Description of the task
Only one stretch of the data should be retyped: the lines from the line containing "condition. SOLD |" through the line containing "Badezimmer mit Duschkabine und Waschbecken.". Keep pictures out of it.

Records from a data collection
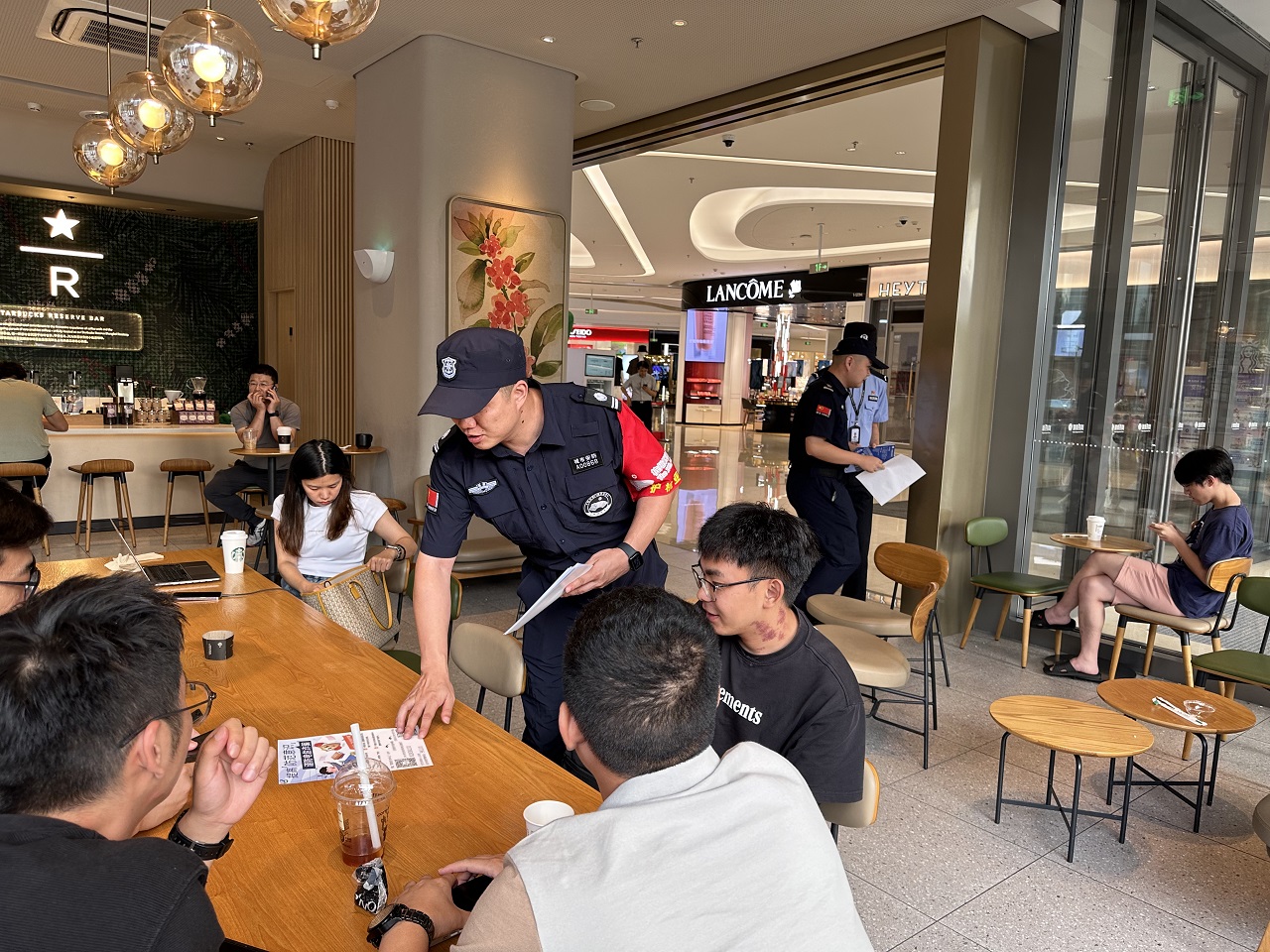 为进一步提高辖区群众的防诈骗意识和能力,切实维护好广大群众的切身利益。8月4日晚,杭州萧山城市安防保安服务有限公司配合新塘派出所在银泰百货萧山店开展反诈骗主题宣教活动。
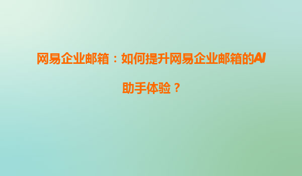 2025-04-20如何提升網(wǎng)易企業(yè)郵箱的AI助手體驗(yàn) 網(wǎng)易企業(yè)郵箱的優(yōu)勢(shì)概述 隨著科技的不斷進(jìn)步,企業(yè)的溝通方式也在不斷優(yōu)化和提升。在這個(gè)信息化時(shí)代,企業(yè)郵箱作為公司內(nèi)部溝通的核心工具,發(fā)揮著不可忽視的作用。網(wǎng)易...
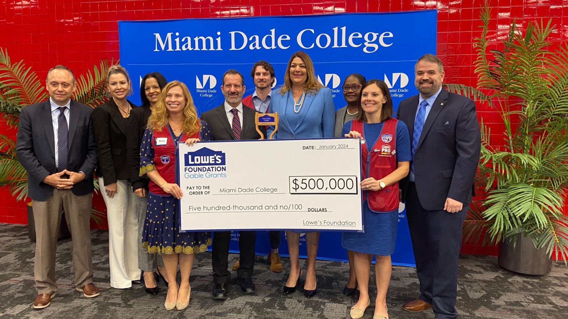 Miami Dade College’s North Campus was awarded a $500,000 grant by the Lowe’s Foundation for the development of its Construction Trades Institute, a program aimed at preparing students for the skilled-trades industry.
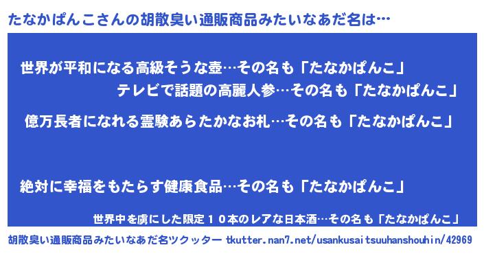 | ヘコむあだ名 | 『たなっふぃ~』『豆乳』『たなお』 |
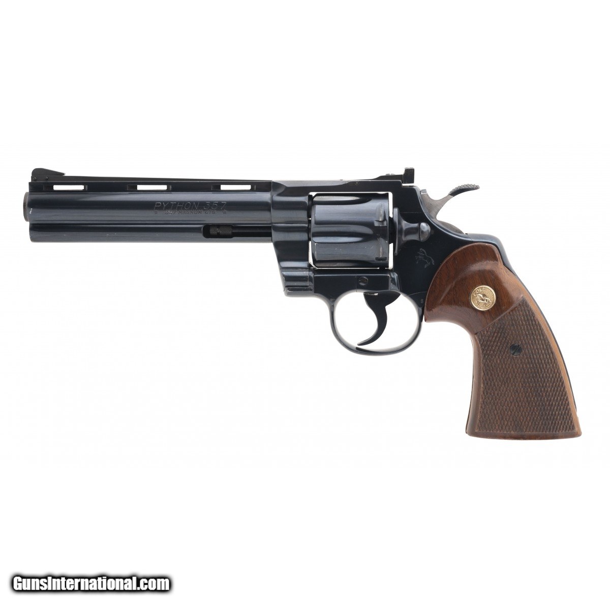 Description: " SN: K34809. Made in 1981, .357 Magnum, 6"" barrel. The bore is excellent. Has 99% of its blue and the grips are in very good condition with small spots of wear on the toe and heel. Overall very good condition. SOLD |
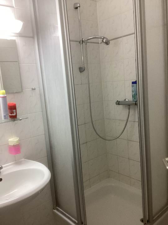 Badezimmer mit Duschkabine und Waschbecken.
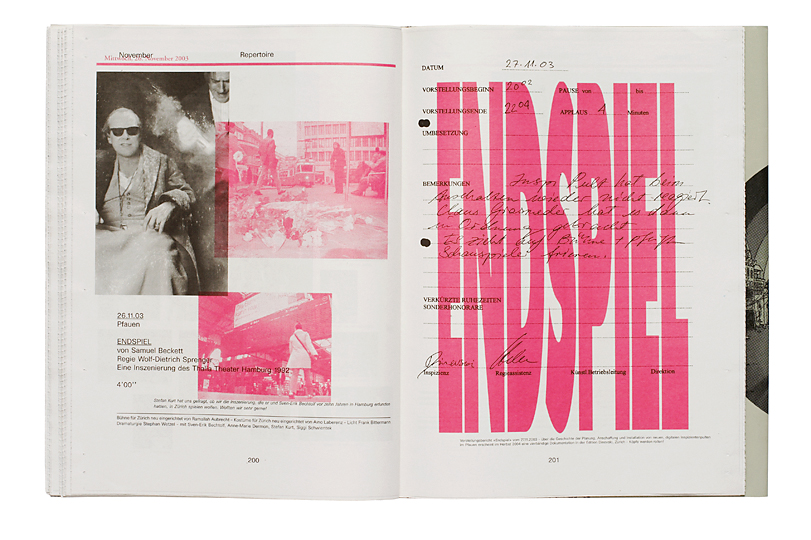 'O. T. Ein Ersatzbuch' résume ses trois années d'activité pour le Schauspielhaus de Zurich. La structure de base de cette rétrospective, c'est la disposition chronologique de photographies de scènes théâtrales caractéristiques. Confrontées à chaque fois avec une image tirée du quotidien gratuit '20 minutes', quatre années de théâtre sous la direction artistique de Christoph Marthaler sont données à voir d'une manière singulière, dans un espace de référence actuel et public. De même, 'Bekanntmachungen' offre une clarté maximale malgré sa grande hétérogénéité. Il s'agit d'un catalogue d'exposition qui archive le riche matériau iconographique et textuel de l'exposition '20 Jahre Studiengang Bildende Kunst SBK der Hochschule für Gestaltung und Kunst Zürich', à la Kunsthalle de Zurich. De même encore, 'Cneai=neuf ans', une documentation qui embrasse les activités et les publications des neuf dernières années du Cneai, l'institution artistique parisienne. C'est précisément avec ce genre de projets mammouth, qui nécessitent une grande quantité de temps, d'engagement et d'énergie, que Trüb parvient de la manière la plus remarquable à insérer dans une structure hautement cohérente une masse énorme de matériaux et d'idées. Sans doute, tout cela peut se découvrir et se lire très vite, mais à chaque fois, d'une manière merveilleusement dérangeante, ce flux est interrompu par des pages blanches ou par de petites dérogations aux règles. Si ce brillant graphiste est confronté à de grands noms comme Peter Saville ou Marc Camille Chaimowicz, son envolée créatrice est à chaque fois garantie. Le jury, impressionné par ses prestations exceptionnelles et par sa créativité débordante, n'a qu'un mot: chapeau !

Exercise output
 Description: " SN: K34809. Made in 1981, .357 Magnum, 6"" barrel. The bore is excellent. Has 99% of its blue and the grips are in very good condition with small spots of wear on the toe and heel. Overall very good condition. SOLD |
 Badezimmer mit Duschkabine und Waschbecken.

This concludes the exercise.